● Assignment
Once the line with "Bust portrait of" is found in the entries below, repeat it and each following line exactly, up to and including the line with "Portanto, meus irmãos, tendo". Add no other lines.

● Material for this exercise
•••

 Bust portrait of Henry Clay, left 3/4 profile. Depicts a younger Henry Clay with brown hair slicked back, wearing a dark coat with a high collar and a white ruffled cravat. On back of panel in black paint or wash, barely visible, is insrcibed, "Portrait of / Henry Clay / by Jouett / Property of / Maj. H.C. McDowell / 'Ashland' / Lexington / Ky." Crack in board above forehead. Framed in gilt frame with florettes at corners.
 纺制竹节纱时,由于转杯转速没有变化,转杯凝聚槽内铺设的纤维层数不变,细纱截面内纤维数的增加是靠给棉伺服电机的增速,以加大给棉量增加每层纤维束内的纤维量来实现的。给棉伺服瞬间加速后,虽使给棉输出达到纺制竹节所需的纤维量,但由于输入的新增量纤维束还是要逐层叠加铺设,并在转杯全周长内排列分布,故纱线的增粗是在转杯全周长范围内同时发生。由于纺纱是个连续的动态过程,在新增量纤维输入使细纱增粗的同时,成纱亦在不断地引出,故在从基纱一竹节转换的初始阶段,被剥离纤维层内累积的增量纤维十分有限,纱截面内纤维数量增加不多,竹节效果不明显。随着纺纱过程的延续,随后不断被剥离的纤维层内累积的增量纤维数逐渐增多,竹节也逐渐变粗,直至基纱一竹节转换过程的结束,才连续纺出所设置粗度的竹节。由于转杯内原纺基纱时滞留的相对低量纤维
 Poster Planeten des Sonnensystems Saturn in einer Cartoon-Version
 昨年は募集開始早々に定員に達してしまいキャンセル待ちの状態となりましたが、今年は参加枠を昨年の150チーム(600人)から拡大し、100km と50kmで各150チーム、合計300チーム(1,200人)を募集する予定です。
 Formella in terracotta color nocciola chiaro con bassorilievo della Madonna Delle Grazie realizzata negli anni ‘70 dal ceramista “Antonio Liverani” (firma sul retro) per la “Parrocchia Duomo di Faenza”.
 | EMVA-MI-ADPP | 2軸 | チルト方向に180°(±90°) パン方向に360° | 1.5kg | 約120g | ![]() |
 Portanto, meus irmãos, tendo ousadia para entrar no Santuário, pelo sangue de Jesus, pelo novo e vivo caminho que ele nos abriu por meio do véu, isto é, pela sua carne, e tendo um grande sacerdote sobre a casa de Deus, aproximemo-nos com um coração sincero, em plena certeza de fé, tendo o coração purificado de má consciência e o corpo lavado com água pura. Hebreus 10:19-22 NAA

•••

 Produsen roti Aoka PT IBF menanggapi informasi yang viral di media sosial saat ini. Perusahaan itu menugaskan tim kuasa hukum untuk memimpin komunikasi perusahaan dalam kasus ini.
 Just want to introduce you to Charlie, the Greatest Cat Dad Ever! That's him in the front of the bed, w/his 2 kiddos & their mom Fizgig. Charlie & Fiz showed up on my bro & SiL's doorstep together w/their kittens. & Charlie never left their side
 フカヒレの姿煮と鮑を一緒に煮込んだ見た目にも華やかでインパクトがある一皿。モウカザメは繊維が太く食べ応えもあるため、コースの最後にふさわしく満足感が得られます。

•••

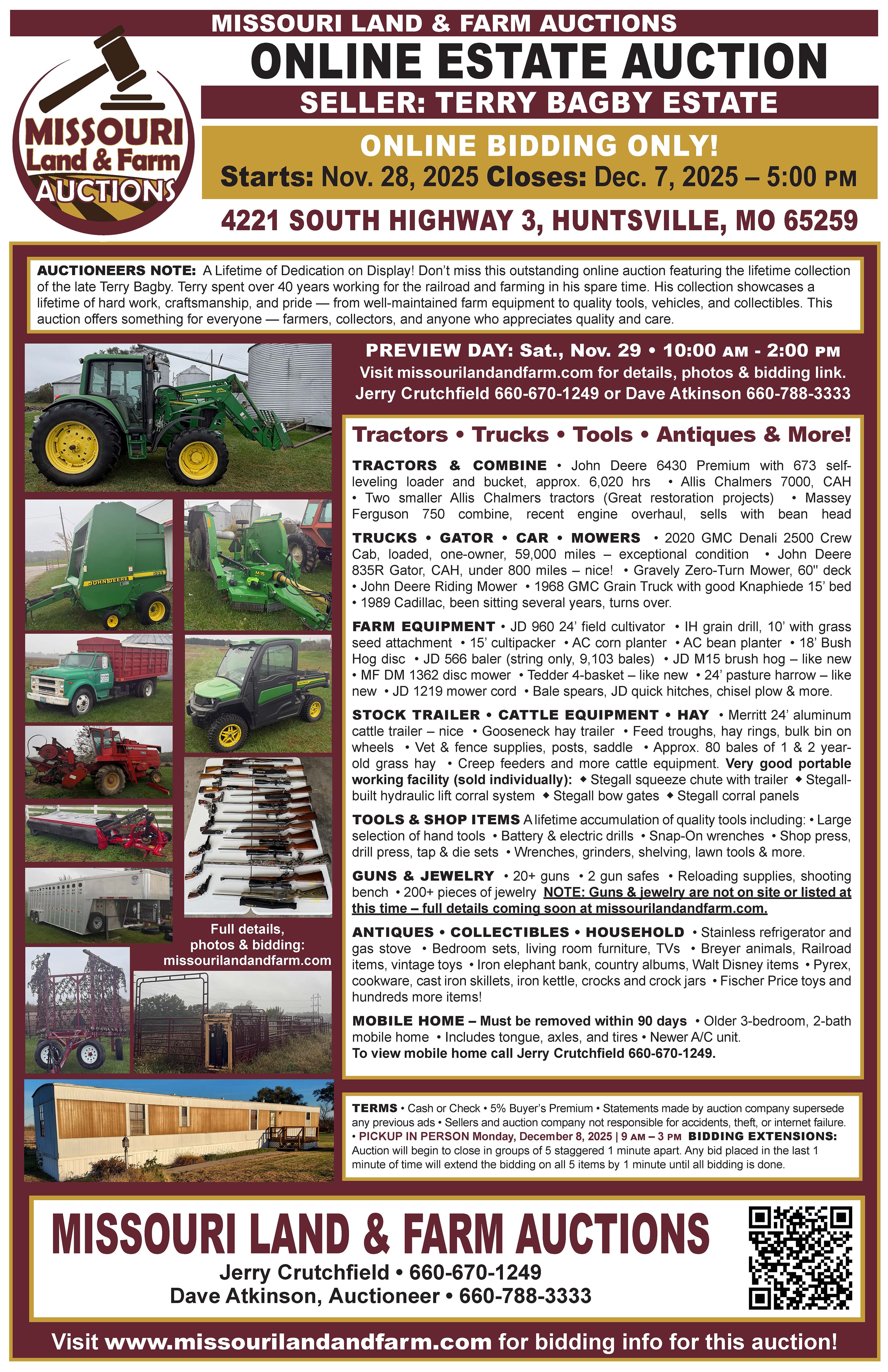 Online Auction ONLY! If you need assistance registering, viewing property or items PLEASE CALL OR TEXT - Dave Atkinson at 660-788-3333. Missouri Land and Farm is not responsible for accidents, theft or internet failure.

•••

● The completed task
 Bust portrait of Henry Clay, left 3/4 profile. Depicts a younger Henry Clay with brown hair slicked back, wearing a dark coat with a high collar and a white ruffled cravat. On back of panel in black paint or wash, barely visible, is insrcibed, "Portrait of / Henry Clay / by Jouett / Property of / Maj. H.C. McDowell / 'Ashland' / Lexington / Ky." Crack in board above forehead. Framed in gilt frame with florettes at corners.
 纺制竹节纱时,由于转杯转速没有变化,转杯凝聚槽内铺设的纤维层数不变,细纱截面内纤维数的增加是靠给棉伺服电机的增速,以加大给棉量增加每层纤维束内的纤维量来实现的。给棉伺服瞬间加速后,虽使给棉输出达到纺制竹节所需的纤维量,但由于输入的新增量纤维束还是要逐层叠加铺设,并在转杯全周长内排列分布,故纱线的增粗是在转杯全周长范围内同时发生。由于纺纱是个连续的动态过程,在新增量纤维输入使细纱增粗的同时,成纱亦在不断地引出,故在从基纱一竹节转换的初始阶段,被剥离纤维层内累积的增量纤维十分有限,纱截面内纤维数量增加不多,竹节效果不明显。随着纺纱过程的延续,随后不断被剥离的纤维层内累积的增量纤维数逐渐增多,竹节也逐渐变粗,直至基纱一竹节转换过程的结束,才连续纺出所设置粗度的竹节。由于转杯内原纺基纱时滞留的相对低量纤维
 Poster Planeten des Sonnensystems Saturn in einer Cartoon-Version
 昨年は募集開始早々に定員に達してしまいキャンセル待ちの状態となりましたが、今年は参加枠を昨年の150チーム(600人)から拡大し、100km と50kmで各150チーム、合計300チーム(1,200人)を募集する予定です。
 Formella in terracotta color nocciola chiaro con bassorilievo della Madonna Delle Grazie realizzata negli anni ‘70 dal ceramista “Antonio Liverani” (firma sul retro) per la “Parrocchia Duomo di Faenza”.
 | EMVA-MI-ADPP | 2軸 | チルト方向に180°(±90°) パン方向に360° | 1.5kg | 約120g | ![]() |
 Portanto, meus irmãos, tendo ousadia para entrar no Santuário, pelo sangue de Jesus, pelo novo e vivo caminho que ele nos abriu por meio do véu, isto é, pela sua carne, e tendo um grande sacerdote sobre a casa de Deus, aproximemo-nos com um coração sincero, em plena certeza de fé, tendo o coração purificado de má consciência e o corpo lavado com água pura. Hebreus 10:19-22 NAA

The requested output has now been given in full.